TASK REQUIREMENTS -
Can you transcribe every entry word for word, skipping the images?

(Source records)
══════════════════════════════
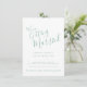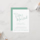 Modern simple muted green and white wedding invitations. Green script text on white front and a plain green back. Other matching wedding items and colors available. © Original design by www.mylittleedenweddings.com
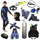 新品深潜豪华装备成人钢气瓶长袖潜水服户外BCD浮力衣13件套装
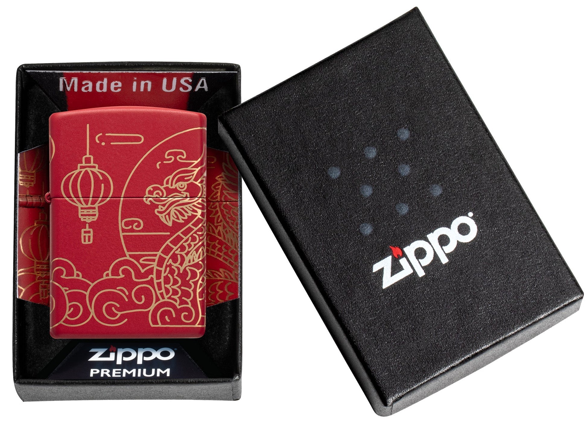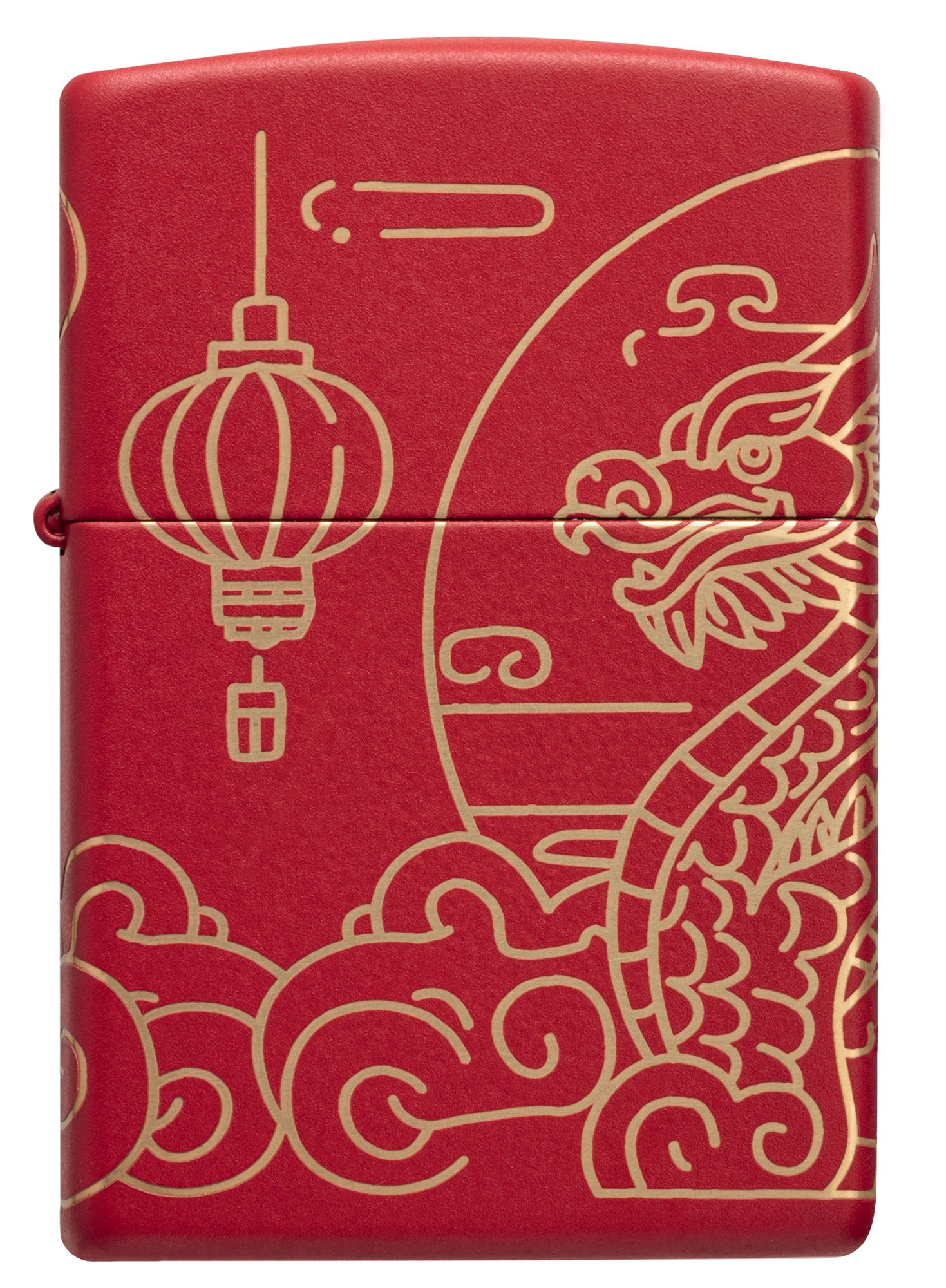 Feiere die Hoffnung und Schönheit des Chinesischen Neujahrs mit diesem klassischen Feuerzeug in mattem Rot. Ein atemberaubender Drache und Laternen ziehen sich nahtlos über das gesamte Feuerzeug in einem eleganten Laser 360°-Design.
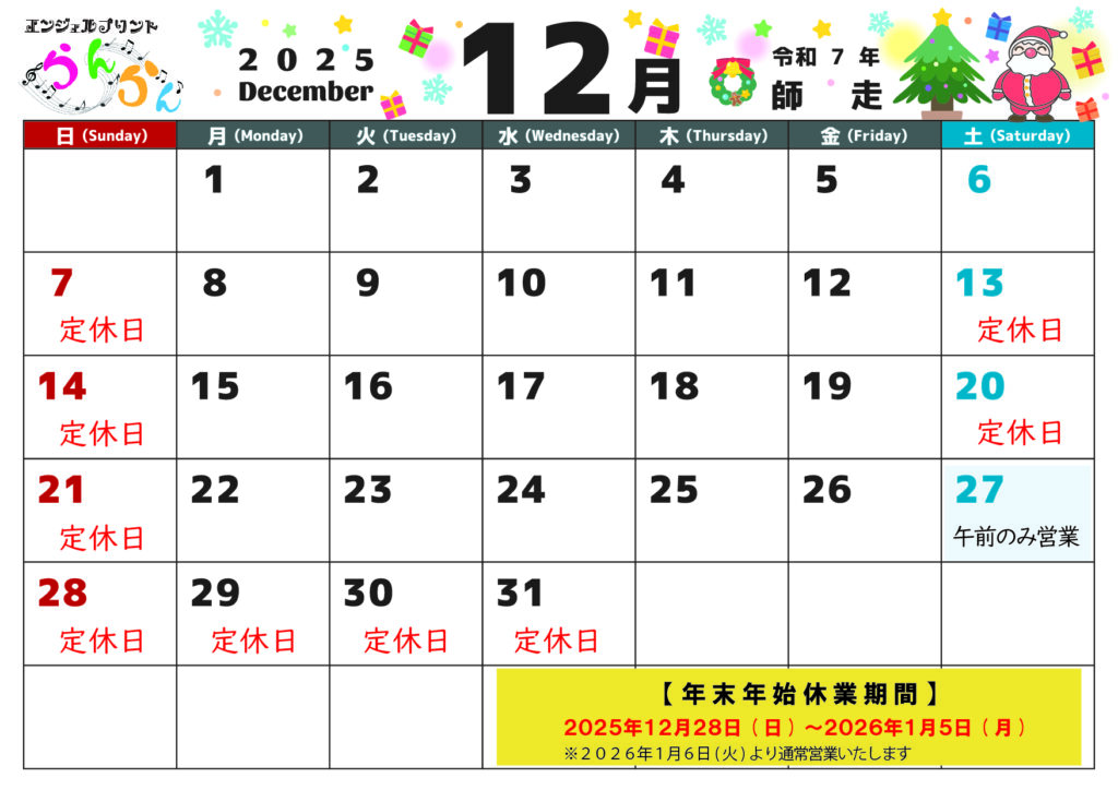 【2025年12月 定休日】
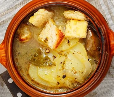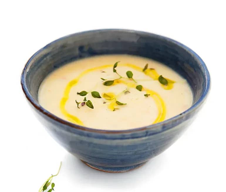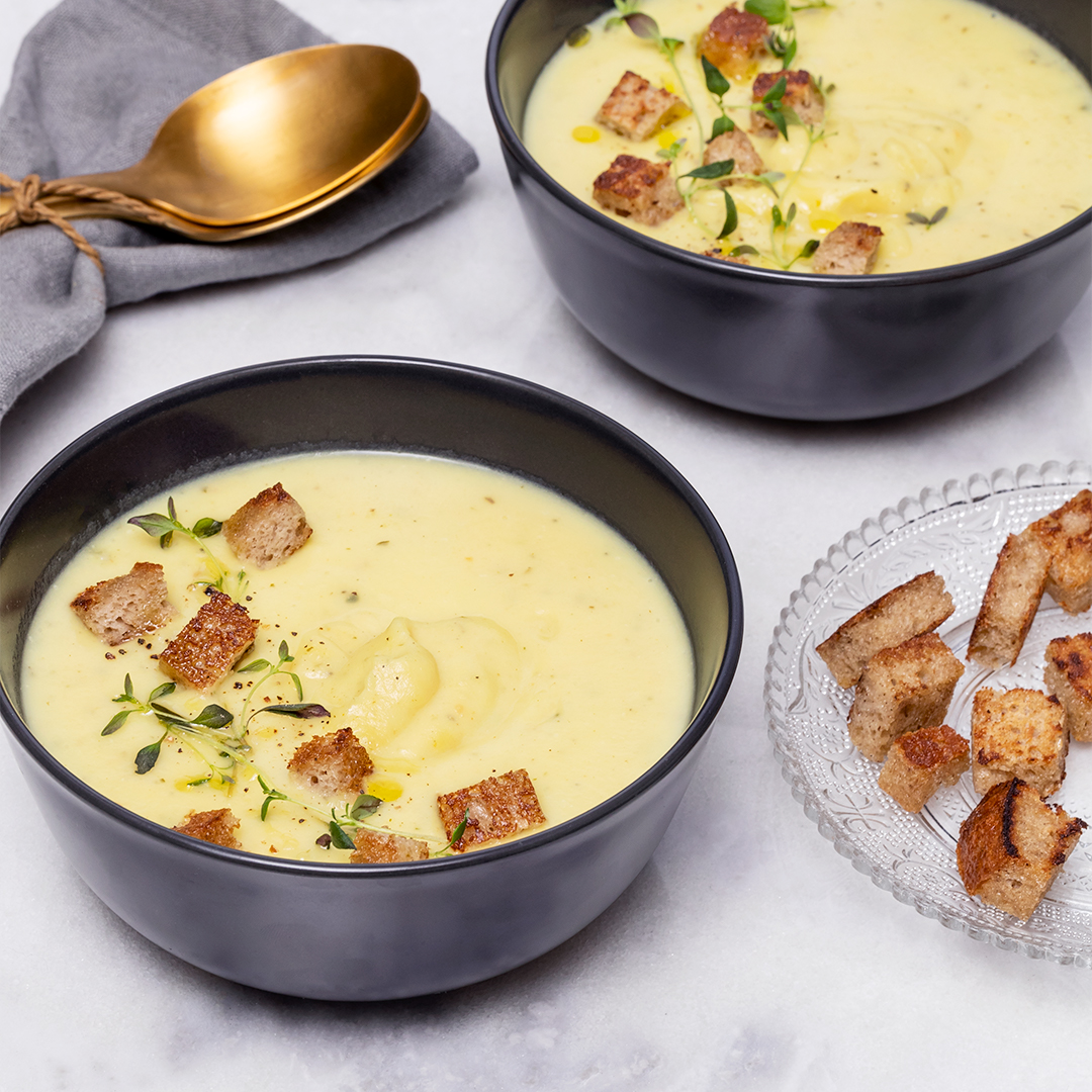 Potatis- och purjolökssoppa med tunnbrödrulle
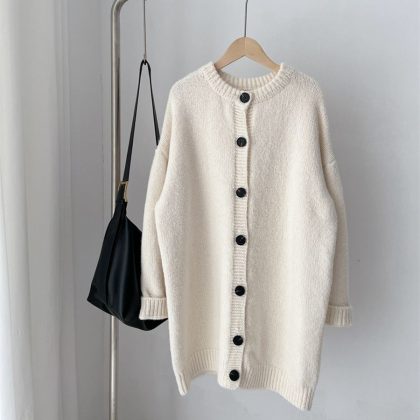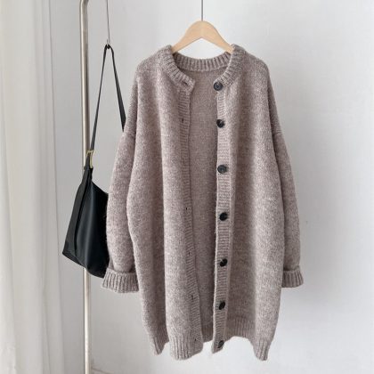| nameOriginal | Japanese style artistic style simple knitted cardigan for women 2023 New loose mid-length round neck sweater coat trendy 3700 |
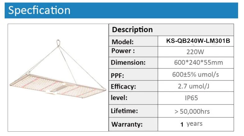 2. Белая основа для более легкого наблюдения взрослых.3. Опытный Сертифицированный светильник для более здорового роста растений.4. Отличная производительность для veg и bloom5. Источник питания с регулируемой яркостью6. Длина: 600 мм (23,6 дюйма), ширина: 240 мм (9,5 дюйма).7. Входное напряжение: 100 ~ 277 В.8. Срок службы: 54 000 часов,
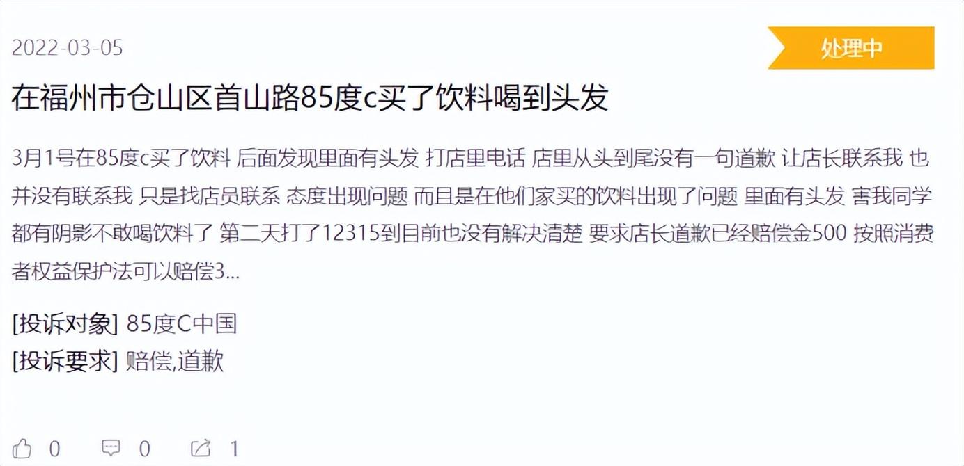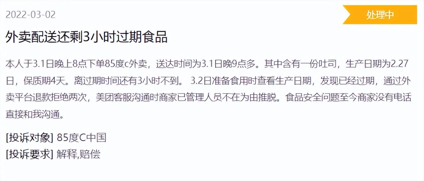 二是加盟模式,因对加盟店的控制不严,导致品牌形象受损,从2014年起陷入一系列食品安全漩涡。2014年85°C被曝使用地沟油、2018年人民日报点名批评85°C上海所有门店的的肉松面包并非使用真正的肉松、2020年上海市市场监管局爆出85°C当天制作“后天”蛋糕。在黑猫平台上也能看到有消费者投诉在面包里吃到包装塑料、饮料里有头发、外卖配送临期食品……
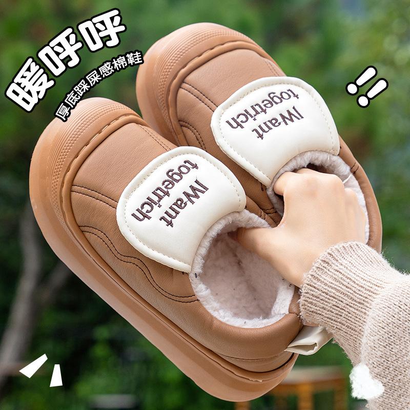 Waterproof cotton slippers, super warm thick-soled non-slip velvet warm and fashionable leather bag head cotton shoes for winter wear
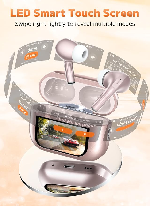 - Smarter and More Convenient: Our wireless earbuds feature a Smart Multifunctional Touch Screen Charging Case, providing a seamless listening experience. Unlike traditional earbuds, you can control volume, skip songs, manage calls, set alarms, and even locate your earbuds directly from the case—no need for your phone. It’s the smarter, more convenient way to stay in control
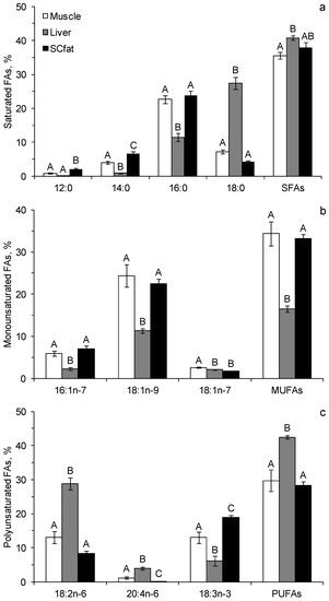 Figure 3. Contents of the prominent saturated fatty acids (a), monounsaturated fatty acids (b) and polyunsaturated fatty acids (c) (% of total FAs, standard error) in liver, muscle and subcutaneous adipose tissues of the Yakutian horses. Means for the same FAs labeled with the same letters are not significantly different at p < 0.05 after Tukey’s HSD post hoc test.
══════════════════════════════
REPLY -
 Modern simple muted green and white wedding invitations. Green script text on white front and a plain green back. Other matching wedding items and colors available. © Original design by www.mylittleedenweddings.com
 新品深潜豪华装备成人钢气瓶长袖潜水服户外BCD浮力衣13件套装
 Feiere die Hoffnung und Schönheit des Chinesischen Neujahrs mit diesem klassischen Feuerzeug in mattem Rot. Ein atemberaubender Drache und Laternen ziehen sich nahtlos über das gesamte Feuerzeug in einem eleganten Laser 360°-Design.
 【2025年12月 定休日】
 Potatis- och purjolökssoppa med tunnbrödrulle
| nameOriginal | Japanese style artistic style simple knitted cardigan for women 2023 New loose mid-length round neck sweater coat trendy 3700 |
 2. Белая основа для более легкого наблюдения взрослых.3. Опытный Сертифицированный светильник для более здорового роста растений.4. Отличная производительность для veg и bloom5. Источник питания с регулируемой яркостью6. Длина: 600 мм (23,6 дюйма), ширина: 240 мм (9,5 дюйма).7. Входное напряжение: 100 ~ 277 В.8. Срок службы: 54 000 часов,
 二是加盟模式,因对加盟店的控制不严,导致品牌形象受损,从2014年起陷入一系列食品安全漩涡。2014年85°C被曝使用地沟油、2018年人民日报点名批评85°C上海所有门店的的肉松面包并非使用真正的肉松、2020年上海市市场监管局爆出85°C当天制作“后天”蛋糕。在黑猫平台上也能看到有消费者投诉在面包里吃到包装塑料、饮料里有头发、外卖配送临期食品……
 Waterproof cotton slippers, super warm thick-soled non-slip velvet warm and fashionable leather bag head cotton shoes for winter wear
 - Smarter and More Convenient: Our wireless earbuds feature a Smart Multifunctional Touch Screen Charging Case, providing a seamless listening experience. Unlike traditional earbuds, you can control volume, skip songs, manage calls, set alarms, and even locate your earbuds directly from the case—no need for your phone. It’s the smarter, more convenient way to stay in control
 Figure 3. Contents of the prominent saturated fatty acids (a), monounsaturated fatty acids (b) and polyunsaturated fatty acids (c) (% of total FAs, standard error) in liver, muscle and subcutaneous adipose tissues of the Yakutian horses. Means for the same FAs labeled with the same letters are not significantly different at p < 0.05 after Tukey’s HSD post hoc test.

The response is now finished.